The parents of 6-year-old Makayla Jefferson were livid after discovering last week during a visit to the doctor that she had been cut from the Quest health insurance program.
Her father, Michael, said the Ewa Beach family went home and found one previously overlooked notice — a cancellation letter — from Quest, the state’s version of Medicaid, informing them that Makayla was being dropped from the program because they didn’t return an eligibility renewal form.
"I never found any notice from before then, just one cancellation letter," said Jefferson, the family’s sole provider, who earns $40,000 annually. Quest had covered Makayla, but not her parents. "We’re stressed out and confused. We’re a family with one income so sudden changes like that matter to us a lot. My daughter still doesn’t have coverage. It will be pretty scary if something did happen during this gap period of coverage."
The state Department of Human Services, which administers the Medicaid health insurance program for low-income residents, told the Honolulu Star-Advertiser last week that families with children would be "passively renewed," or automatically re-enrolled in Quest, even if they didn’t return the renewal forms.
But after the newspaper published a story Sunday, the DHS said it had provided incorrect information regarding who was required to respond to renewal notices. Roughly 200,000 Quest members — including 110,000 children — must return the forms beginning in April or they will lose health insurance, DHS said.
"To clarify, all Quest households, including those with children, must return their completed (eligibility renewal) forms or they will lose Quest coverage," DHS spokeswoman Kayla Rosenfeld wrote in an email Tuesday.
For some Quest members, like the Jeffersons, it is already too late.
"This is outrageous," said state Sen. Roz Baker (D, West Maui-South Maui), chairwoman of the Senate Commerce and Consumer Protection Committee. "They ought to be making every attempt to keep these kids on health insurance. It just tells you that maybe the whole program is being mismanaged."
Jefferson’s wife, Liana, received a Quest termination notice dated April 16, notifying them that Makayla’s coverage would end on April 30 and that her application was forwarded to the Hawaii Health Connector, the online insurance marketplace created by the federal Affordable Care Act. The Connector’s open enrollment period ended April 30.
"There’s no way to use the Health Connector to get her private coverage. All this is happening right after their enrollment period for the Hawaii Health Connector closed," Michael Jefferson said, adding that his daughter has been covered by Quest since birth. "There’s a lot of parents who probably don’t even realize their kids lost their coverage yet. I’m sure they disrupted a lot of people."
The mailing of renewal notices in Hawaii was prompted by the Affordable Care Act, which requires Medicaid programs in all states to collect additional information on income and tax status, the DHS said. In Hawaii, eligibility for adults is limited to those earning no more than 138 percent of the federal poverty level, or $18,257 for individuals and $37,384 for a family of four. Children have different eligibility requirements.
Baker blasted the DHS for its handling of the renewals. "This seems to me to be something else they’re trying to use as a way to blame some other issue on the Affordable Care Act and Health Connector," she said. "They come up with all these lame excuses. Now they’re coming back and throwing kids off the program. This is something they’ve obviously been calculating for a while.

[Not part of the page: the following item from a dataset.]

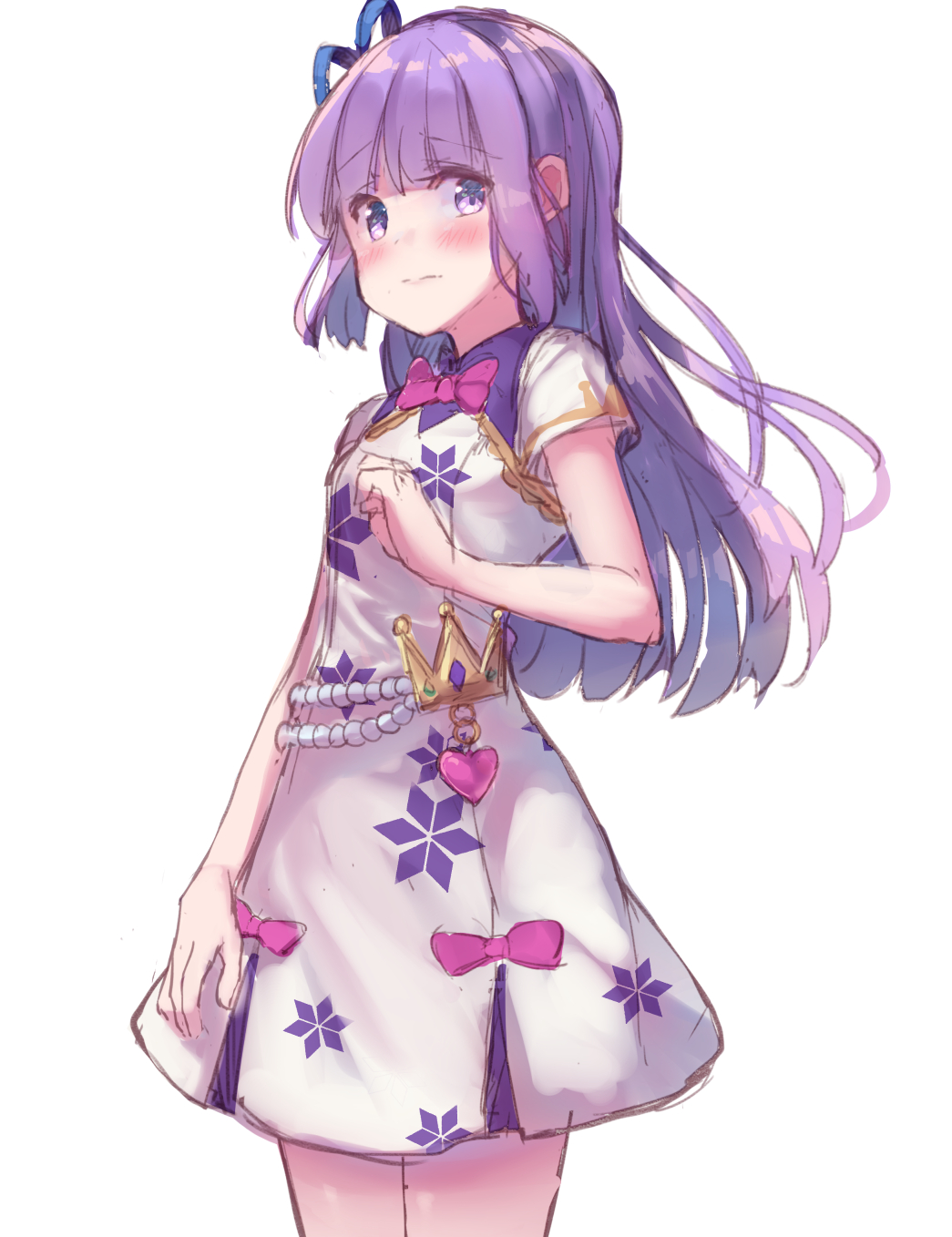 1girl aikatsu! aikatsu!_(series) bad_id blush bow breasts closed_mouth cowboy_shot dress female_focus heart highres hikami_sumire long_hair makiaato pink_bow pleated_dress purple_eyes purple_hair short_sleeves simple_background small_breasts solo very_long_hair white_background white_dress

I cannot trust them any longer to tell the truth. … It’s really very disturbing."
Baker said the Legislature must rein in the DHS to ensure transparency in the Medicaid program. "They don’t want to take any ownership for anything that they do and that’s the problem," she said. "It’s frustrating."

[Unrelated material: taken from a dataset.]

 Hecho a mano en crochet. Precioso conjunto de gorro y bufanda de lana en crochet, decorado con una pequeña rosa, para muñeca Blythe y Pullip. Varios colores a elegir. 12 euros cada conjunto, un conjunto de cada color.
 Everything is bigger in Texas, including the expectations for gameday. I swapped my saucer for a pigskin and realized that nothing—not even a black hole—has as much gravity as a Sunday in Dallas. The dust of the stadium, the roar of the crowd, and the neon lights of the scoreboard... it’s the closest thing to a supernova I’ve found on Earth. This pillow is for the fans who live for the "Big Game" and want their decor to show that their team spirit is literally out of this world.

Until now, Quest members were automatically renewed each year, leaving the possibility that the state was paying for health insurance for people who no longer lived in Hawaii, were no longer qualified based on income, or had obtained insurance from another source.

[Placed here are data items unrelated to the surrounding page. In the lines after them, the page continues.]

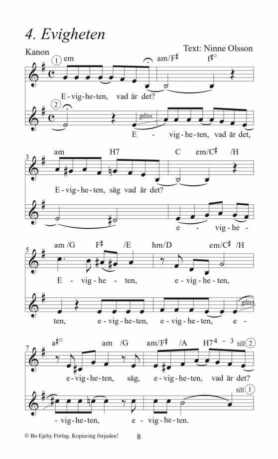 ”Good night, eternity!” 24 ”pocket-sized songs” in Swedish concerning life, death, love and eternity, the sea and the rainbow. To be sung alone, with friends, in canon, with a piano or perhaps a whole jazz ensemble.
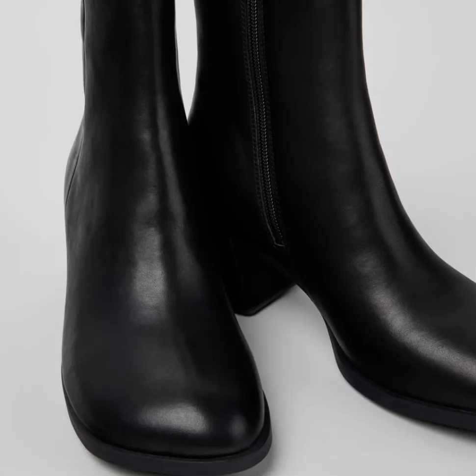 Mid-high boots in black cowhide leather with OrthoLite® Recycled™ insole and rubber and ABS outsole.
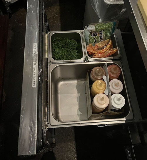 负责厨房菜箱寿司架子卫生,清洗所有酱料盖子
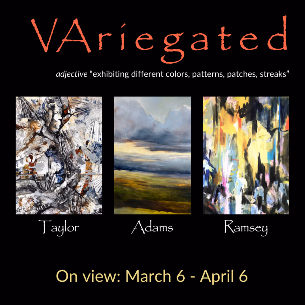 Group Art Exhibit featuring work by Patricia Taylor Holz, Nancy Ramsey, and Caroline Adams
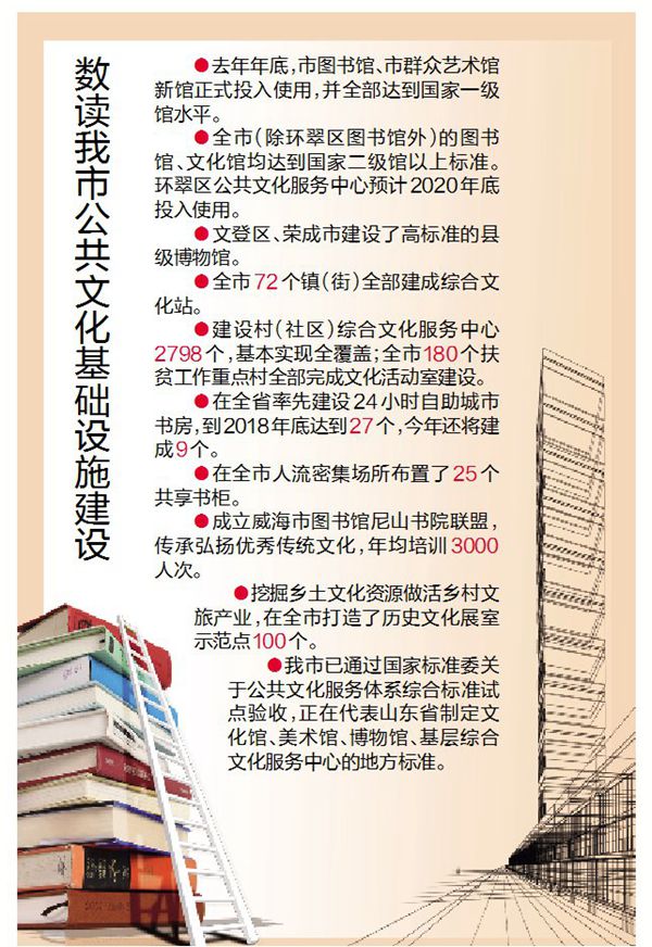 截至目前,全市(除环翠区图书馆外)的图书馆、文化馆均达到国家二级馆以上标准,文登区、荣成市建设了高标准的县级博物馆;全市72个镇(街)全部建成综合文化站,建设村(社区)综合文化服务中心2798个,基本实现全覆盖;全市180个省定扶贫工作重点村全部完成文化活动室建设。此外,我市还在全省率先建设24小时自助城市书房,到2018年底达到27个,今年还将建成9个;在全市人流密集场所布置了25个共享书柜,将便民阅读服务延伸至最后一公里。
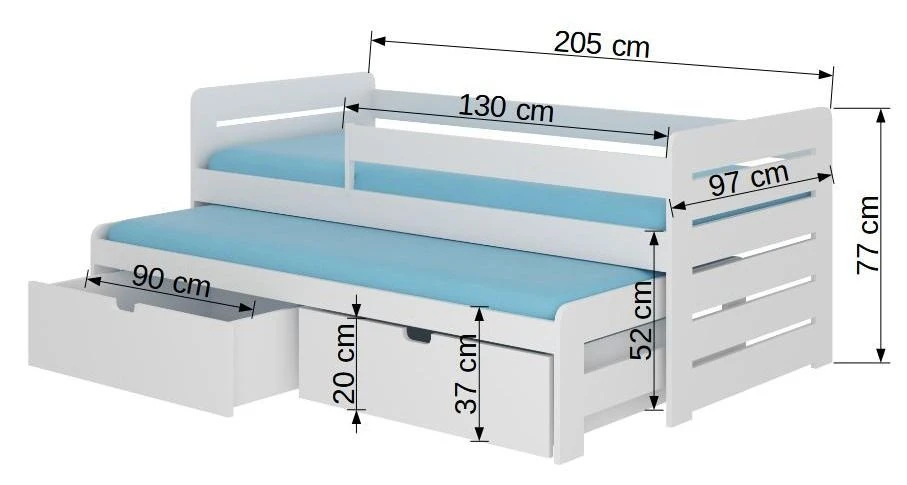 Le lit du bas et les 2 coffres de rangement sur roulettes se glissent sous le lit du haut, offrant ainsi un espace de couchage supplémentaire sans encombrer la chambre. Ces 2 couchages de 90×200 cm permettent à vos enfants de dormir confortablement et en toute quiétude, offrant également la possibilité d’accueillir un ami pour une nuit paisible.

The state has used "passive renewal" since 2004 because officials wanted "to eliminate barriers to continued coverage and to promote access to medical coverage for families with children," Rosenfeld said."However, it became apparent that the passive renewal policy resulted in a number of people being enrolled who are not eligible."
She added, "DHS has tried to stop this practice, but the federal government has failed to approve the request."
The Hawaii Medicaid program costs taxpayers roughly $2 billion a year with about half coming from the state and half from the federal government.
DHS said it is mailing eligibility renewal forms to about 102,000 Quest households — except people who are aged, blind or disabled — between April and September. The state will require renewal forms be sent in only this year and then will return to passive renewals. DHS is anticipating that beginning in October it will be able to verify eligibility based on information it has or can access from existing data sources.
The state launched a $95 million online eligibility system late last year to streamline the Medicaid process. But DHS eligibility workers, who asked not to be identified for fear of retaliation, said the system is not working properly and cannot verify income to determine whether people actually qualify for the program. DHS has said that it is verifying income manually and hopes to connect with both state and federal data hubs to determine Medicaid eligibility this year.